Аббат Фриньяни поднял руку. Жест был предостерегающим. Но маэстро опять приложил платок к лицу. Он мог не видеть жеста аббата.
— Если бы хоть один из этих оставленных богом злодеев появился в великом герцогстве Пармском, — Алинови говорил из-под платка и голос его звучал приглушенно, — неужели вы думаете, что недремлющая полиция ее величества не изловила бы его тотчас же?
Синьора Тессини кончила арию. К концу она распелась.
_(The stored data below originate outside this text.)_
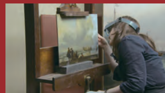
© 2014 Gallery Film LLC and Ideale Audience. All Rights Reserved.

ロンドンの中心、トラファルガー広場に位置するナショナル・ギャラリー。英国の小さな美術館が190年間人々に愛され続ける理由とは? 額縁の制作風景、作品の修復作業など普段見ることのできない舞台裏を映し出す。『ニューヨーク公共図書館』、『ボストン市庁舎』などを手掛けるドキュメンタリー映画の巨匠、フレデリック・ワイズマン監督作品。
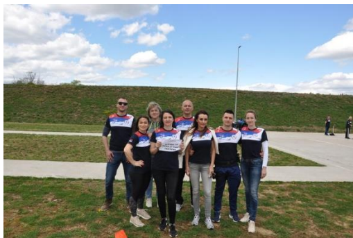
УПРАВА ЗА ПРАВНЕ И КАДРОВСКЕ ПОСЛОВЕ
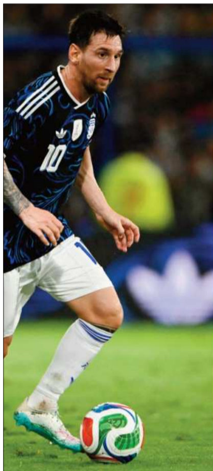
DEBUT. Messi inicia su pelea por conseguir nuevamente el campeonato.

Messi no quiso abandonar a sus compañeros en esta misión y será el primero de la fila en el estreno del martes en el estadio Kansas City a partir de las 20.00 locales (01.00 GMT del miércoles). Su estado físico es la gran incógnita, por mucho que tenga desde hace tres años la MLS a sus pies con un registro de 62 goles en 67 partidos. Messi encontró a Miami en el pozo de la clasificación y lo hizo campeón del pasado torneo aunque ya no
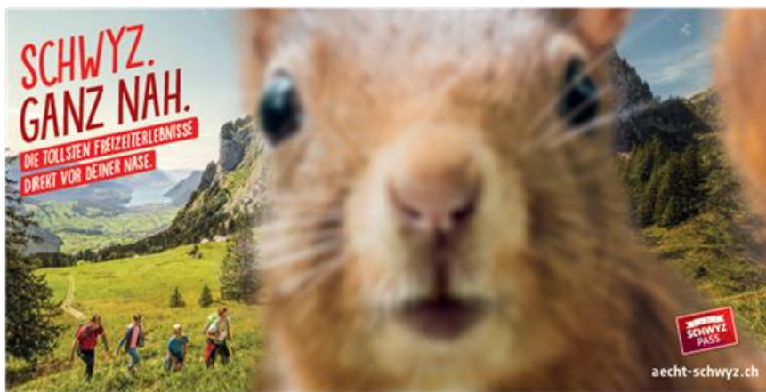
Abb. 4: Poster-of-the-Month vom November 2020, ausgezeichnet durch APG/SGA.

Das Sujet der Tourismus-Kampagne «Schwyz. Ganz nah.» fand Anklang bei der Bevölkerung und Experten/-innen. Auf Youtube wurde das Video bis heute über 90 000 Mal angeschaut. Die für die Kampagne gestalteten Plakate wiesen eine hohe Qualität auf. Dies zeigt die Ernennung des «Schwyz. Ganz nah.»-Posters zum Poster-of-the-Month im November 2020 durch die APGISGA.
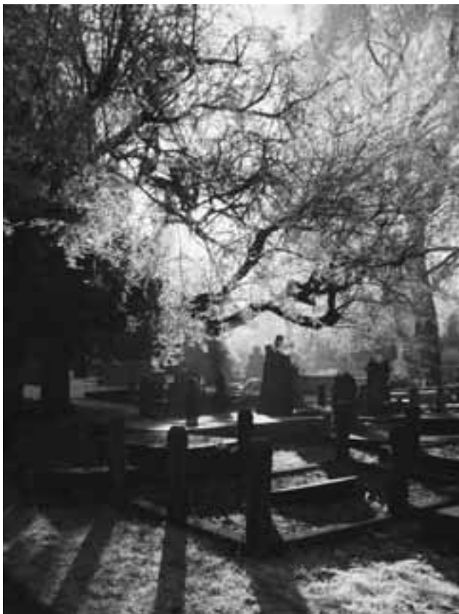
Eerste prijs: Mieke Noorloos-Lagewaard (Gemeentelijke begraafplaats Gorinchem)
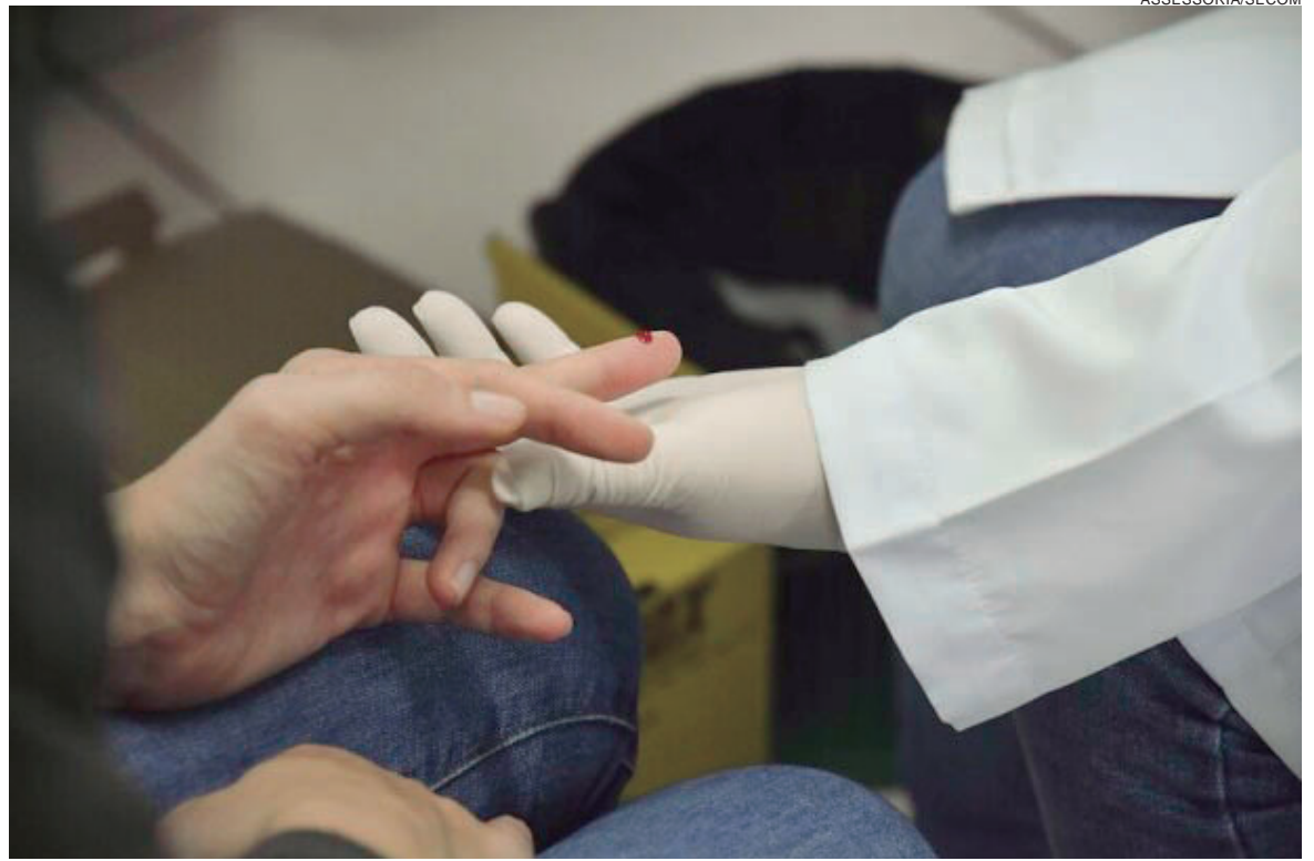
OS novos casos da doença foram confirmados durante os primeiros meses de 2021 em Umuarama
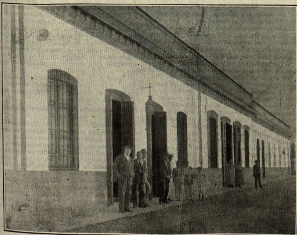
GRAN SALON DE LA CONCHA
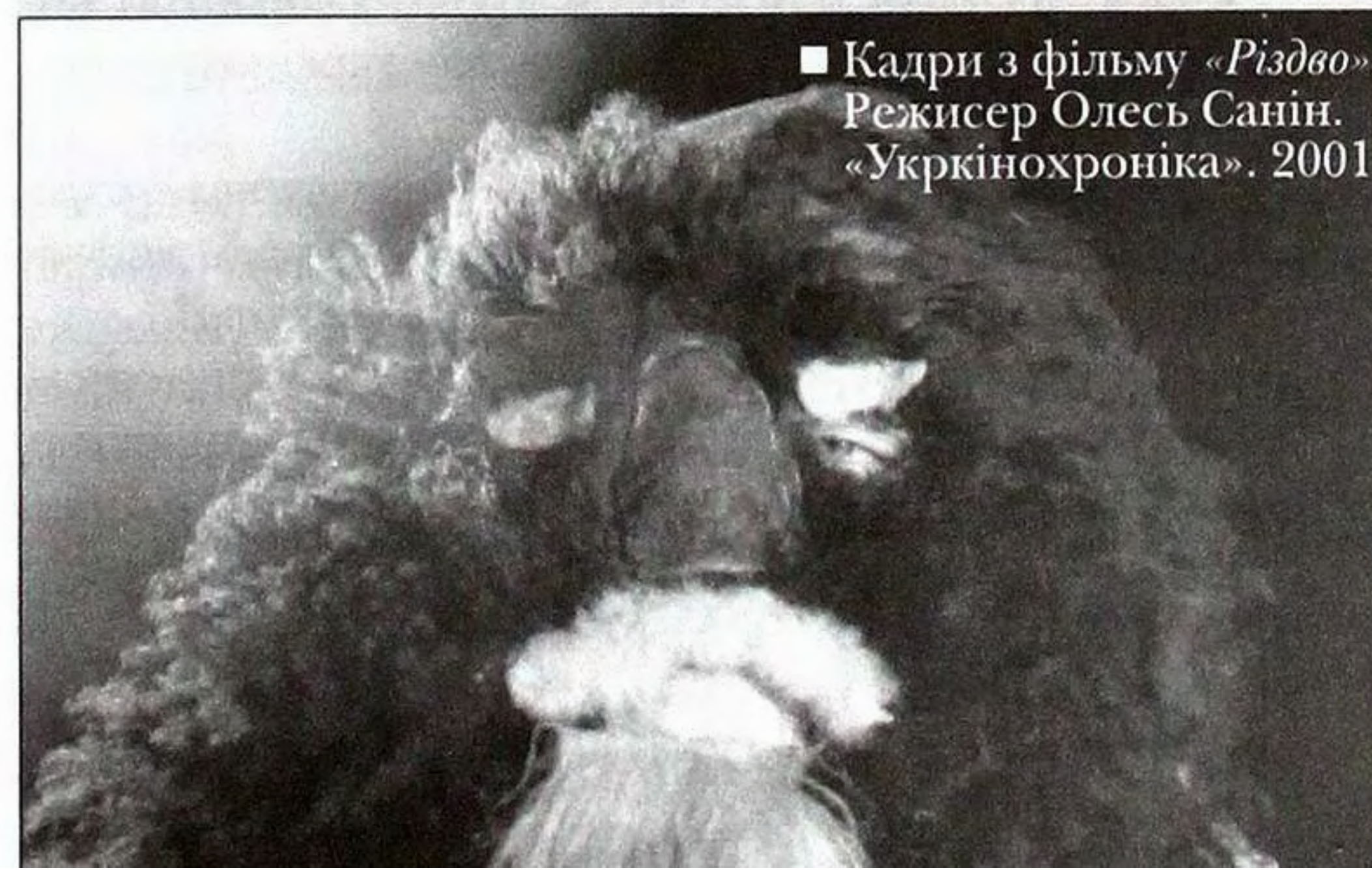
■ Кадри з фільму «Різдво». Режисер Олесь Санін. «Укркінохроніка». 2001.
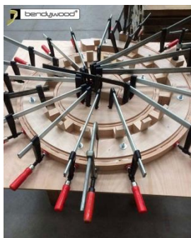
Dima per spirale per lampadario a luci LED
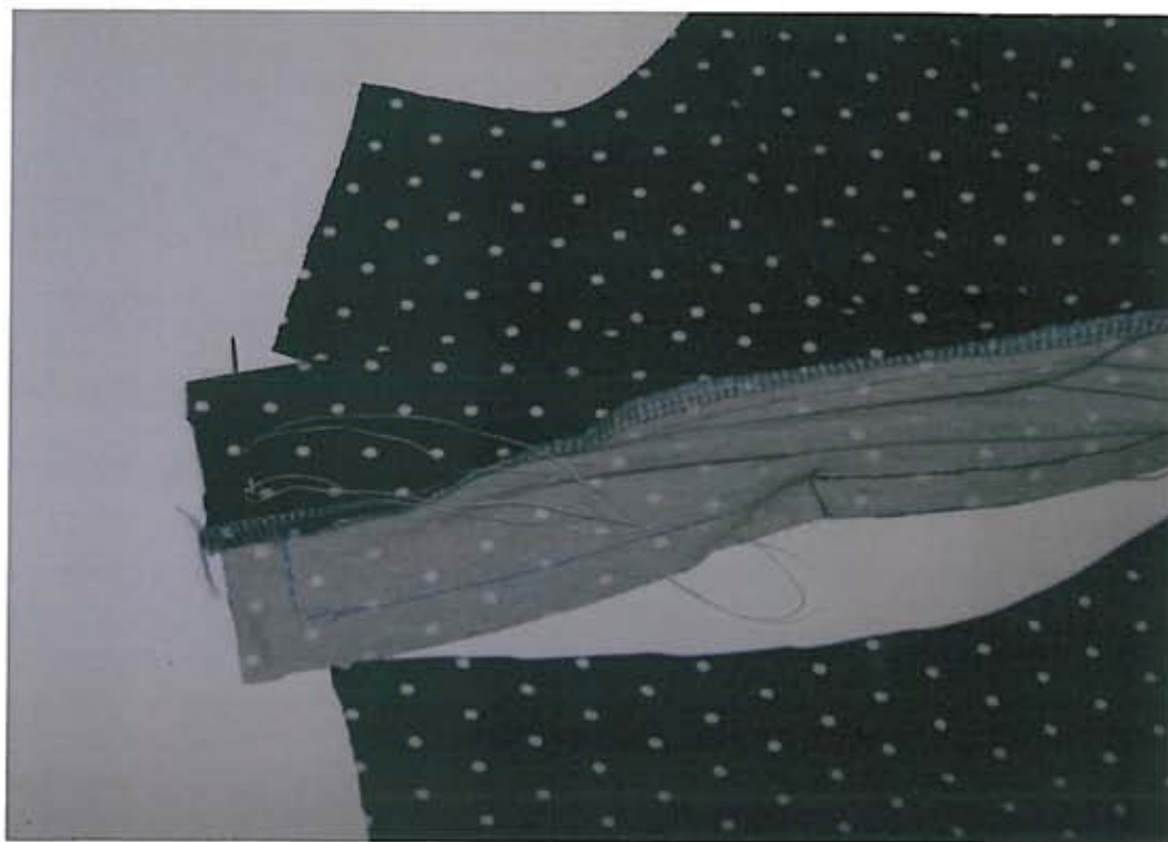
Foto 10 Vouw het beleg bij de zijnaad van de flap van het rechter bovenvoorpand naar binnen en zet de zijnaden op elkaar vast.
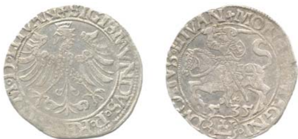
Грош 1535 г. (аверс и реверс).
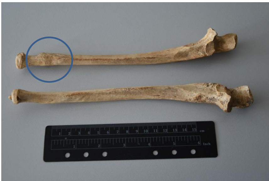
Slika 1. Antemortalna trauma na distalnoj trećini lijeve lakatne kosti

Koštani ostaci pripadaju ženskoj osobi procijenjene dobi 25-34 godine. Na distalnoj trećini lijeve lakatne kosti vidljiva je antemortalna trauma (Slika 1). Kost je potpuno zarasla, te je vidljiv mali koštani kalus.
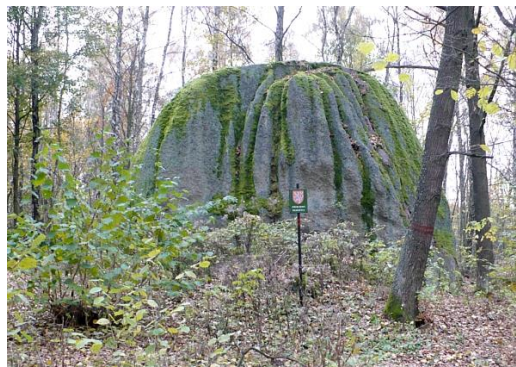
Obr.: Kynžvartský kámen

Skalní blok vzdálený 400 m severovýchodně od Lázní Kynžvart a 150 m nad Pasterbním rybníkem v Kynžvartské vrchovině o celkové výměře 0,16 ha v nadmořské výšce 610 m n.m. v k.ú. Lázně Kynžvart. Jedná se o žulový monolit s dokonale vyvinutými mikrotvary zvětrávání a odnosu (žlábkové škrapy). Původně kvádrotvítý tvar byl zaoblen na dnešní půdorys zhruba 7 x 5 m o výšce 6 m. Žlábkové škrapy mají hloubku až 60 cm a délku přes 1m. Přírodní památka byla vyhlášena v roce 1990 a nově v 1997.
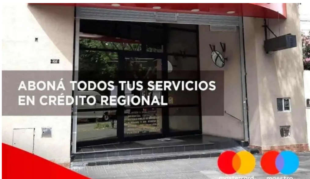
Credito regional compania financiera s a villa lynch
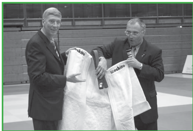
Der Innenminister und Sportminister des Landes Nordrhein-Westfalen Ingo Wolf erhielt von DJB-Präsident Peter Frese einen Judo-Anzug mit blauem Gürtel. Die Söhne des Ministers betreiben auch Judo.
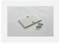
145-50101, B 2 x Metall-Endkappe mit Schrauben
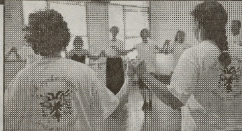
Dje, gjatë orës së mësimi të valleve shqiptare në ambientet e Ansambllit Popullor.
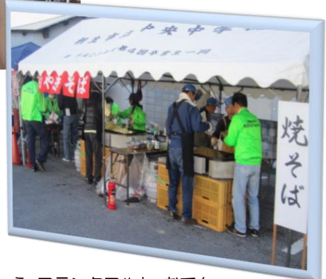
焼きそば、焼きまんじゅう、フランクフルト、おでん・・・ 会員さん、大奮闘 (=^・^=)
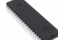
AT89LV52-12PI Microchip Technology IC MCU 8BIT 8KB FLASH 40DIP
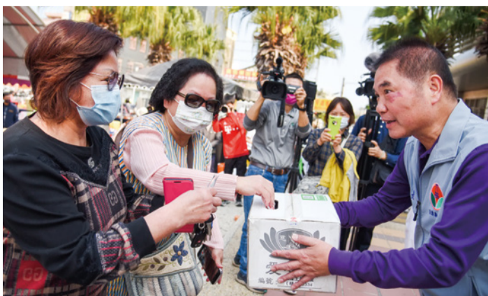
▲響應馳援土耳其慈善活動，縣長鍾東錦捐款並協助募集愛心。

基金會結合熱心志工逾 500 人，在竹南火車站募集善款，縣長鍾東錦與來賓出席莊嚴的祈福禱儀儀式，祈求土耳其、敘利亞兩國的災情不再擴大，災民早日度過難關。鍾東錦不僅慷慨解囊，捐款及選購義賣品，還擔任志工協助募款，以行動支持這場國際性的公益活動。
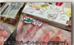
※写真はプレゼントのイメージ画像です。

https://hakodate-kankou.com/specialticket/
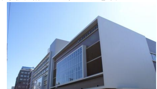
中野中学校→ 統合新校舎
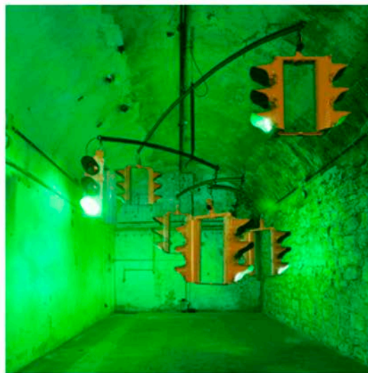
Ivan Navarro's Traffic

uita solo dalla fiera ufficiale, si muovono attorno ad essa una miriade di piccole fiere e piccoli eventi che approfittano dell'orda di visitatori amanti del genere. Nell'area di Messeplatz scoviamo anche Design Miami e Swiss art Awards. Quest'ultimo è un concorso dedicato a giovani artisti selezionati per accaparrarsi un premio di 25mila franchi. L'installazione che mi piace di più è fuori concorso, è in esposizione nel caffè ChezVelo all'ingresso dell'edificio: un trio folle di ragazzi (mecania.org) costruisce e anima macchine legendarie appartenenti ad un futuro distopico di ispirazione Tinguely: bici, catene, acqua, biglie metalliche ed il gioco è fatto. Il mio premio virtuale Swiss Art Awards va a loro. Purtroppo non ho i 25mila franchi da consegnare.

Последние фиоритуры она провела с большим блеском и весьма виртуозно.
— Браво! Браво!
Молодая певица не могла скрыть своей радости, краснела и кланялась низко-низко. Она была скромной девушкой, из бедной семьи бергамасских ткачей, и еще не привыкла к успеху. Особенно к успеху в таком избранном обществе. И она верила в этот свой успех и не верила. Поведение слушателей было для нее непонятным.
В концертном зале графа Бианки не было слышно ни громких возгласов, ни страстных споров, ни откровенного раскатистого смеха. Аплодировали сдержанно, мнениями обменивались вполголоса и, критикуя, выражали мысли свои до чрезвычайности изысканно и чуть ли не шепотом. Так было теперь принято в аристократических домах Пармы. Так было принято при дворе. Мария-Луиза, бывшая императрица Франции, перенесла в Парму стиль и обычаи Фонтенбло.
Маэстро Алинови и вида не подал, что понял хитрые инсинуации аббата Фриньяни. Синьору Алинови не для чего было ублажать его преосвященство епископа Санвитале. Синьор Алинови не намерен был изменять своему обыкновению. Синьор Алинови никогда не вмешивался в интриги. Он дорожил своей репутацией человека неподкупного, глухого к злым нашептываниям. Его дело — проэкзаменовать юношей, претендующих на пост maestro di musica города Буссето. И он проэкзаменует их. Проверит их знания и способности. С обычным для него беспристрастием. И на этот раз — с особым беспристрастием. И произнесет приговор, повинуясь только законам высокого искусства. И это будет приговор справедливый. В этом маэстро Алинови был уверен.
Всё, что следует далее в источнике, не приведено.